According the Oxford Dick-tionary of Rainbow Terminologies, Dick-notization is a state where someone who has not gotten any good dick in a long while and then finally finds a guy, and now thinks that it’s the world. He/she starts acting superior and has no control over their own thoughts and behavior. In this state, everything is ‘US’’ and ‘’WE’’ and ‘’JOHN and I’’. A person who is dick-notized starts to pity their friends [who once were their rock]; make comments like ‘’Why is Dwayne still single? OMG’’; try to set you up on some dead-beat guys who previous you two wouldn’t have given a first look more so a second. Dick-notization results in two things:- (1) – YOU feeling bitter, hurt and confused; (2) YOUR FRIEND being jaded, out of control  and over-sexed!

 

But all this started out slowly. There were signs, but you didn’t see them! It started one day when your friend met a guy and decided to go on a date. But, as usual, you thought this was just one of those ‘’dates’’ that will end badly and your friend will rush back to your apartment to cry his/her eyes out in despair and you would have no other choice but to devour a gallon of Hagen Dazs ice-cream, the vodka and the whip cream [If you feel a little S&M-ish… just kiddin] and you would talk for hours… But this date was different. Your friend didn’t rush back to your apartment, but instead called you the next day and sounded giddy, bright-eyed and bushy-tailed as never before. But you just thought nothing of it. Weeks later, your friend is still seeing this guy [that you haven’t met yet]. Your Friday and Saturday nights rituals have been cancelled or rescheduled and those were the nights she/he is ‘busy with John’. But you still thought nothing. Then at a lovely Sunday brunch [which usually, you two would have gone and hit the jumbo shrimps at the buffet hard] your friend turns up with ‘’John’’. He/she introduces you to ‘’John’’. As with any friend’s boyfriend, they want to make a good impression because they know that your ‘’blessing’’ on their relationship is important for its survival.
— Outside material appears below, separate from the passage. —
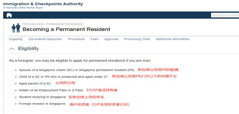 高級工作准證轉永居相關法案可前往新加坡移民與關卡局ICA官網查詢:

So ‘’John’’ tried to be as nice as possible. But one thing is sure, with years of experience trying to find ‘’Mr. Right’’, you would have developed impeccable skills of spotting ass-holes and dicks. So, after 5 rounds at the buffet and 5 light cocktail [not too much vodka…..it’s Sunday…LOL] you soon realized that ‘’John’’ is a ‘’Dick’’! Your friend has been so dick-notized that now he/she can’t see how bad ‘’John’’ is for them.

 

A Dick-notized friend is hard to un-dick-notized! Firstly, he/she is so jaded by all the sex and ‘fun’ they are having that they don’t see how much they have been short-changed. He/she is probably thinking that you are a bitch and jealous, of course and anything that comes out of your mouth if full of guile and bitterness. Secondly, He/she spends so much time with the ‘’John’’ that he/she starts to sound like the ass-hole you want him/her to leave. So, when all is said and done, can you un-dick-notize a friend back to reality? Can you be the rock that you were before and reach down to your friend and show them how jaded they are? Can you rescue your friend from the hands of the ass-hole who he/she fell for? Or, has too much damaged been done that he/she is not able to be un-dick-notized?

 

As a friend, there is so much you can do (and no more) to undo a dick-notized friend. If you try to ‘’open their eyes’’ he/she might run for the hills and never come down and then you would have lost a friend. So, what to do? You can stand by your friend and show him/her love, because you know that one day his/her eyes are going to open and when those eyes are wide open shut and he/she finally sees the ass-hole for what he is, your friend is going need you to help him/her pick up the pieces. After all, that’s what friends are far. We stick with each other even when one falls off the horse and gets jaded by some dick. Dick: .That evil thing that causes a love-hate pull between you and it; it knows how to hit the ‘’spot’’ and sometimes it hits it so well it results in a side effect called Dick-notization. [Oxford Dic-tionary of Rainbow Terminologies, 2011].